Вопрос о том, чей это голос, решится сам собой, если он даст ему возможность говорить свободно. Принадлежит ли он Пилигриму или кому-то еще, Юнга уже почти не волновало. Главное, что голос нес в себё явный отпечаток цельности.
Юнг выпрямил спину.
Четыре утра. Вернее, пятнадцать минут пятого.
Ему хотелось сделать паузу, поразмыслить, придумать новые вопросы, но Пилигрим оставался загадкой, которую он не сможет разгадать, если не почитает еще.
Дневник был открыт. Юнг продолжил чтение.
4«Поднимается ветер. Ветер, колышущий флаги, которые вывешены в окнах и на балконах площади Святой Марии. Алые флаги в честь папского нунция, чья миссия заткнуть Савонароле рот благополучно провалилась. Флаги, ободранные руками умирающих от холода горожан. Лохмотья, машущие нунцию вслед, словно сносимые ветром с палубы тонущего корабля матросы: «Прощай! Уезжай обратно в Рим».

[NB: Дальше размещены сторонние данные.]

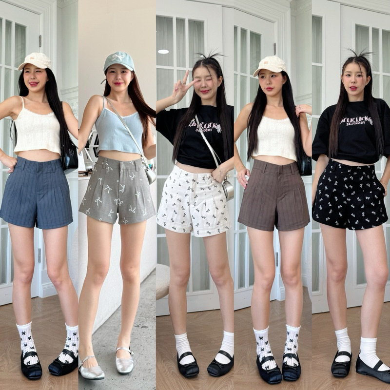 กางเกงขาสั้นลายริ้ว ลายโบว์ สุดน่ารัก งานผ้าสโนว์🎀🪞✨❤️

Звонят все колокола всех церквей — шквалы колокольного звона. Кажется, их раскачивает сам ветер. На площади у костров сгорбились фигуры, натягивая на себя тряпье по самые уши. Понедельник, понедельник. Завтра, возвещают им колокола, последний день масленицы, день святого Матфея; обычно мы все вместе ликовали, танцевали и пели, сытые и пьяные. Теперь это «завтра» запрещено эдиктом Савонаролы».
Юнг, увидев это имя, инстинктивно закрыл глаза. Савонарола был святым и чудовищем. С точки зрения Юнга, больше чудовищем, чем святым. Фанатик, бесспорно. А фанатики всегда требуют жертв.
Юнг записал в блокноте: «Исследование для Эммы: Савонарола».
«Подхваченные порывами ветра, огненные языки взметаются ввысь на фоне стен, малюя на них рваные тени. Хор в церкви словно с испугу начинает петь громче:
… Chorus Angelorum te suscipit,
et cum Lazaro, quondam paupere
aeternam habeus requiem.
Да примет тебя хор ангелов,
И вместе с Лазарем, ранее несчастным,
Да обретешь ты вечный покой.
Неожиданно площадь по диагонали пересекает кавалькада всадников на серых скакунах. Слышен цокот копыт. Сами наездники кажутся силуэтами с разметавшимися по ветру волосами и руками, похожими на плети.
А потом появляется…»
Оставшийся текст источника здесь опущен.